Brilliant! Well said, I stand behind you 100%. 

Brutha, the passionate manner with which you're able to convey your feelings, intelligent, absolute, with just the right amount of spice as to not ruffle feathers. 

Whereas, I'm of the belief that if a person or peoples need to be told to go f$ck themselves, I just get right to it. I bet you go through life collecting many friends as opposed to enemies. You should run for office, I'd vote for you.

I am a Noob as compared to the Elitist types in here. (Although, I now know more than most of the local installers down here, which in itself is quite Ironic, more on that just ahead) 

In here, I have encountered some of what you have so eloquently outlined in the brilliant aforementioned post. Piss &ss, starch collared types in desperate need of a deep probing enema, or perhaps orgasmic release from the family pet (as their wives are apparently not doing it for them anymore.)

However, I have found many in here that have very patiently provided me with very detailed info, held my hand as I baby stepped through the maze of endless info needed to get me where I currently am. There are big things in the works, this Noob will hopefully earn his respect in the near future, (if in fact it all comes together with any degree of success, I have those that took the time in here to thank for it)

I still have much to learn and years to go, I will continue to ask stupid questions (YES I KNOW WHAT A SEARCH BUTTON IS, THANK YOU)

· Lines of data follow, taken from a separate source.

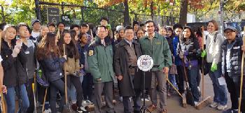 (紐約.羊展恬11日報導)來自紐約亨特學院50位高中學生昨日一早齊聚在拉盛布蘭登公園,進行一項清潔運動,在多位師長的帶領下參與該校的社區服務日。這項活動也是市議員顧雅明辦公室推動下,在法拉盛進行的第三場公園清潔運動,希望透過學生義工的參與,鼓勵居民發揮公德心,愛護自己的社區環境(圖)。
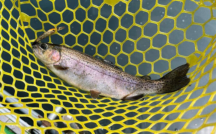 次にイーグルプレーヤー50スリムGJとTCレイゲンのミノーで狙ってみる。やはりミノーが効く釣り場なので反応は上々だ。お昼までに何とか20匹を達成したタイミングでお昼とした。
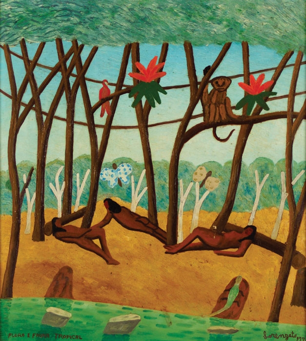 Amadeu Luciano Lorenzato (Belo Horizonte MG 1900 - idem 1995). Pintor e escultor. Começa a trabalhar como ajudante de pintor em 1910, exercendo o ofício até 1920, quando se muda com a família para Arsiero (Itália), onde trabalha como pintor de paredes na reconstrução da cidade. Em 1925, matricula-se na Reale Accademia delle Arti, em Vicenza. No ano seguinte, muda-se para Roma, onde permanece dois anos em companhia do pintor e cartazista holandês Cornelius Keesman, com quem desenha nos fins de semana. Em 1928, ambos decidem viajar de bicicleta ao leste europeu, passando por Áustria, Eslováquia, Hungria, Bulgária e Turquia. Finda a viagem em 1930, o artista separa-se de Cornelius e muda para Paris, e trabalha na montagem dos pavilhões da Exposição Internacional Colonial. Um ano depois, retorna à Itália onde fica até abril de 1948, data em que volta ao Brasil. Trabalha, em 1949, na montagem dos estandes para a Exposição de Indústria e Comércio, realizada no Hotel Quitandinha, de Petrópolis, depois, muda-se com a família para Belo Horizonte e exerce o ofício de pintor de paredes até 1956. Impedido de continuar na construção civil devido a um acidente, dedica-se integralmente à pintura. Em meados da década de 1960, apresenta alguns trabalhos ao crítico Sérgio Maldonado, que, por sua vez, apresenta-o a Palhano Júnior, organizador da primeira exposição individual de seus trabalhos, realizada em 1967.
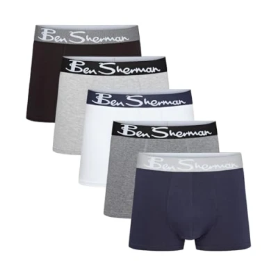 Ben Sherman Mens Poderick 5 Pack Boxer Shorts, Grey/Black/Navy/White, S
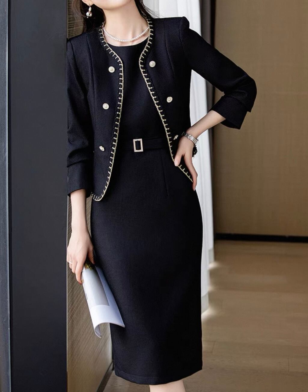 ドレスはベルト付きでスタイルアップ効果も期待できます。
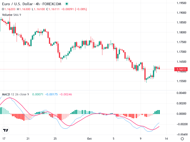 The EURO / U.S. Dollar chart over a 4-hour period shows notable patterns and indicators providing insights into its recent performance. The observed trends and indicators suggest potential bullish momentum, making it crucial to monitor key resistance and support levels.
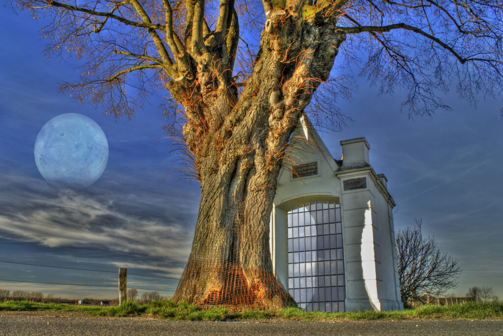 Das Mennikens-Heiligenhäuschen in meinem Heimatdorf – hier in einer Fotomontage mit einkopiertem Mond und einer „eingebauten“ Glasfassade. Die schöne alte Weide musste aufgrund ihres schlechten Zustandes im Jahr 2009 leider entfernt werden und wurde durch einen neuen Baum hinter dem Häuschen ersetzt.

To those that have taken the time to walk me through the ABC's I thank you with all my heart. To those that belittled, jumped all over me, made the tired old "Use the search button" remark, here it is "Eggy" style.

GO F*CK YOURSELVES!!

Respect fellas, thanks for all the 411, keep it coming!

Eggz.


----------



## lust4sound

Mike Troll said:


> If the old timers could accept a little change and wipe the sand out of their vagina we could all co-exist. I think its silly that knowledgable people stop answering questions because they have already been covered and I think its even more silly that people take the interent this seriousley. You would think we were closing down your favorite hometown bar and opening a church in its place.
> 
> Change is a constant, grow up, get a rag and wipe the sand out of your vegina and move on. This is not the end of the world.


LMAO!!

My girl tells me that Motrin really helps with the cramps..

Motrin anyone?


----------



## xlynoz

06BLMUSTANGGT said:


> I like a mixture of both SPL and SQL


SQL, you're funny even if you didn't mean to be.


----------



## Oliver

I think Alma Gates definately knew how to make a big noise !

Batteries, alternators, reinforced containment of pressure !!!!!


----------



## lust4sound

a$$hole said:


> I think Alma Gates definately knew how to make a big noise !
> 
> Batteries, alternators, reinforced containment of pressure !!!!!


a$$hole, you fly heli's?


----------



## 8675309

185 with only 2 - 6.5 and 20000 watts! LOL


----------



## unpredictableacts

awww SPL ...I remeber those days....when you "THOUGHT" you spent alot on car audio.


----------



## Hillbilly SQ

unpredictableacts said:


> awww SPL ...I remeber those days....when you "THOUGHT" you spent alot on car audio.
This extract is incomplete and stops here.